Il fallait que Shylock soit Juif à cause de l'argent et du veau d'or. Exactement comme est catholique ce cardinal, fils de boucher, Th. Wolsey, cardinal-conseiller du roi Henri VIII, alors même que Jésus-Christ maudit quiconque servira un autre maître que dieu, son père, tout en se disant "chrétien".
D'antisémitisme il n'y a pas, sauf chez le lecteur qui ne voit pas que le "traitement" réservé par Shakespeare à certains soi-disant chrétiens est le même que le traitement réservé au Juif Shylock : ils sont peints comme des monstres ou des possédés.
Ce que Shakespeare met en scène, c'est la contradiction radicale incarnée par le Juif usurier, ou bien par le catholique-conseiller d'un prince de ce monde. Ce que Shakespeare nous montre, contrairement à beaucoup d'artistes qui s'emploient à le dissimuler, c'est le faciès satanique de Richelieu, pour prendre un exemple français.
Ces types parfaitement contradictoires sont la clef pour comprendre le monde moderne et de la domination occidentale sur le reste du monde. On note que ces "types" sont nombreux chez Shakespeare, non seulement Shylock ou Th. Wolsey, mais aussi Th. More, Ophélie, Polonius, etc.
L'antisémitisme de S. Freud est facile à comprendre : c'est un bourgeois allemand qui vitupère Moïse et les Hébreux, représentatifs à ses yeux du désordre et de l'anarchie (menace pour la propriété).

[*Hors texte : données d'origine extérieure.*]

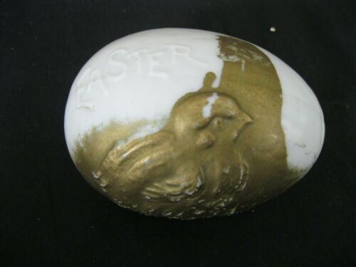 Vintage Large Antique Victorian Hand GOLD Painted Blown Milk Glass Easter Egg 4
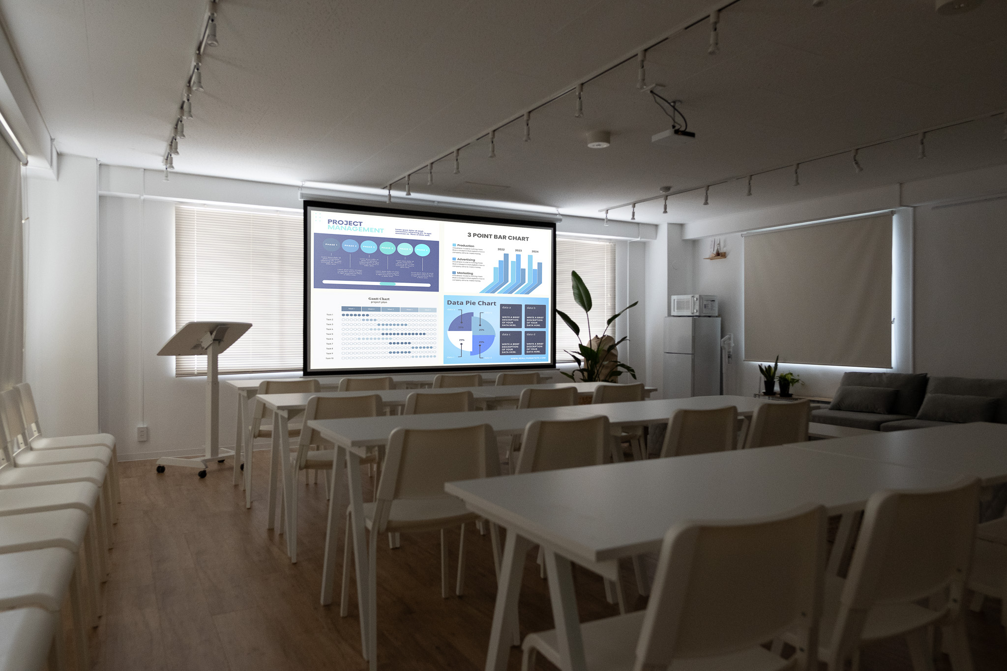 やわらかい雰囲気と洗練されたデザインが融合し、訪れる誰もが心地よく、創造的になれる。温かみと機能性を両立したワンランク上のレンタルスペースです。
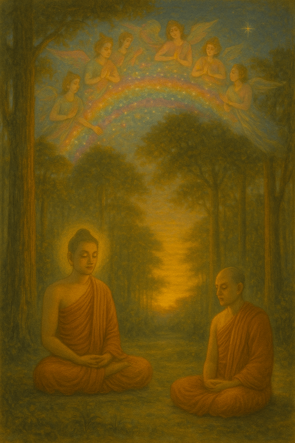 Lesedauer 3 MinutenLobpreis auf Sariputta Vorwort Diese Episode aus der buddhistischen Überlieferung verbindet Respekt, spirituelle Erkenntnis und transzendente Schönheit. Sie würdigt den ehrwürdigen Sariputta, einen der Hauptschüler des Buddha, und zeigt, wie selbst die himmlischen Wesen (Devaputtas) auf seine Weisheit blicken – mit Lob, Freude und ekstatischer Erscheinung. Diese Szene lädt zum

Quant à Nietzsche, sa thèse antisémite et antichrétienne selon laquelle judaïsme et christianisme ont engendré une société de sous-hommes, n'est pas corroborée par Shakespeare, mais seulement par une lecture superficielle de Shakespeare, lui ôtant arbitrairement sa dimension métaphysique.
L'aliénation excessive des temps modernes, leur éloignement tragique de la vérité, incarnés par des personnages tel que Shylock, n'est autre que la manifestation de l'Antéchrist, prophétisée par les apôtres.
La mythologie de Shakespeare épouse les explications de l'apôtre Paul de Tarse à propos de l'Antéchrist de la fin des temps.